Task goal >> Starting at the line that contains "This Non-refrigerated tabletop", copy every line to the end of the material below exactly, and omit the pictures.
[Source material — start]
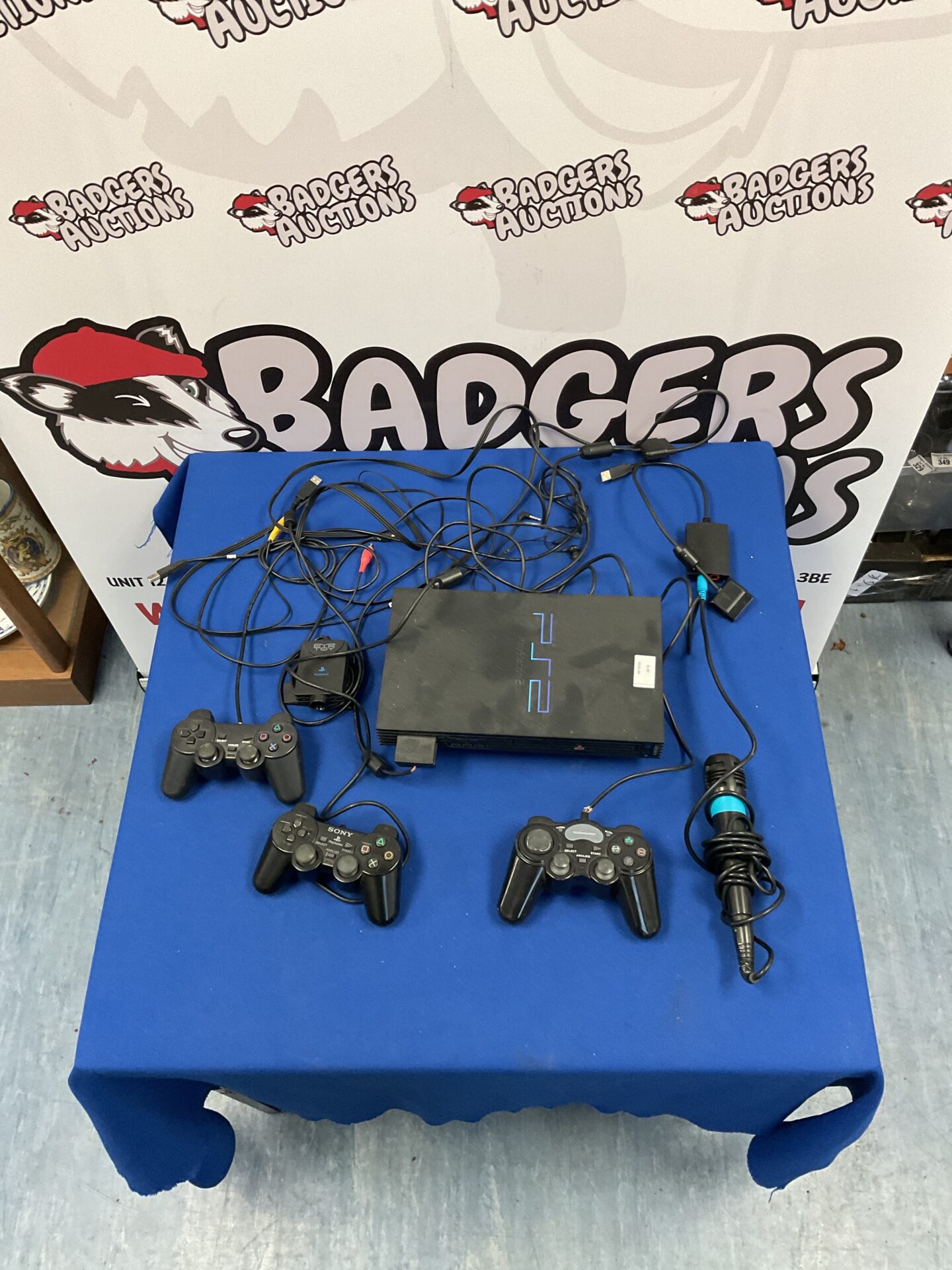 This is a Sony Playstation 2 (PS2) gaming console, a hugely popular system from the early 2000s. This lot includes the console itself, two controllers, and a Singstar microphone, making it ready for both single-player adventures and multiplayer fun. The PS2 was known for its extensive game library and DVD playback capabilities, offering a versatile entertainment experience.
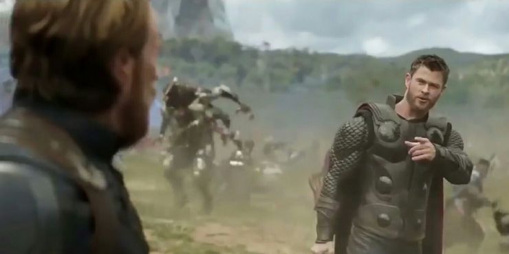 En Vengadores: guerra infinita, durante la Batalla de Wakanda, Thor se toma el tiempo para ponerse al día con su compañero Vengador, el Capitán América, a quien no ha visto desde la película anterior de Los Vengadores.
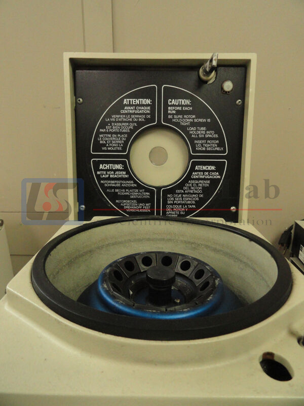 This Non-refrigerated tabletop microcentrifuge with a maximum speed of 12,500 rpm and a 15-minute timer is in working condition.
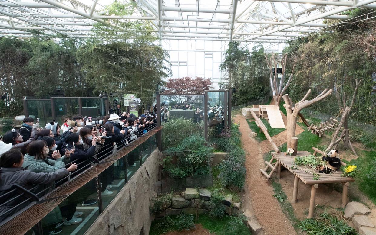 2024年3月3日,韩国民众在龙仁市的爱宝乐园观看大熊猫“福宝”。新华社记者 姚琪琳 摄
[Source material — finish]
Answer >>
 This Non-refrigerated tabletop microcentrifuge with a maximum speed of 12,500 rpm and a 15-minute timer is in working condition.
 2024年3月3日,韩国民众在龙仁市的爱宝乐园观看大熊猫“福宝”。新华社记者 姚琪琳 摄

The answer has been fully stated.